The true and rather unrealized power of text mining is its ability to generate new information. New, as in unusual and hopefully of high quality, and information, as in that which is data in context. the realization of text mining’s power is in part due to the lack of clarity with which text mining belwethers have described text mining to others.
Swanson’s “undiscovered public knowledge” is a misleading phrase. That which is disclosed by Swanson’s method (and Swanson & Smalheiser’s application Arrowsmith) is neither hidden nor known even after it is “disclosed.” What is *generated* is simply a relationship, an association between terms supported by documents. The term relationship paired with supporting documents in turn supports the user of the application in formulating a credible hypothesis, a narrative if you will, of how those associated terms. The quality of the produce rests with the user, the rarity or novelty of the association, as well as the value of the papers that support it all.
The problem with the application of text mining to literary studies may be nothing more than a reflection of the state of literary study itself. As you say there are no problems to be solved per se, but then, if that’s the case (which I don’t believe for a second) then why study it, right? There are many reasons for doing so of course. Any domain in which a search engine can help text mining can improve on that assistance. Bravo on nora.

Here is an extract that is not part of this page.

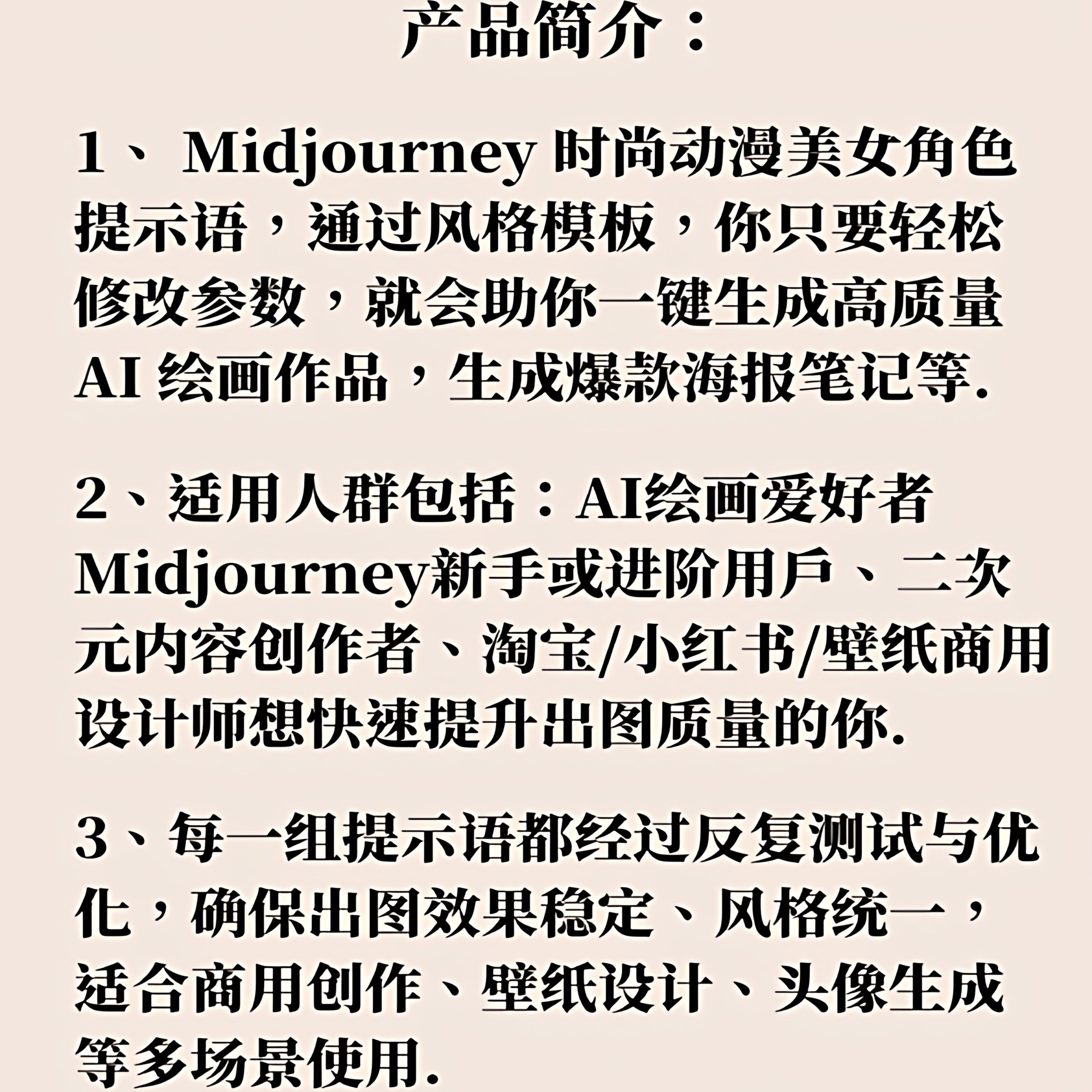 📣最后,我要分享一个好标题:《Midjourney动漫美女角色AI绘画提示词模板,让你一秒变身时尚动漫美少女!券后价6.8元,快来试试吧!》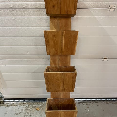 Hakusanoja: kaareva persoonallinen uniikki kokopuu puinen pyökki punertava puu vintage retro art deco kaari kaareva pyöreä avohyllykkö senkki lipasto isohko iso tyylikäs persoonallinen artdeco 1990 90’s koivu koivuinen hylly olohuoneen moderni round sivupöytä konsolipöytä kahvipöytä eteisen eteiseen

There is one particular area that could easily benefit literary analysis, linguistics, and even basic text mining research itself. That is the construction of a *temporal* semantic ontology. Think of it as putting the OED together with WrodNet. In fact I don’t think text mining could be used ambitiously for any diachronic humanities projects without such information. Literary analysis always requires some grounding in the shifts in meanings of words.
Ultimately this boils down to the suggestion that text mining offers a powerful enhancement of creativity and productivity in any language-related domain.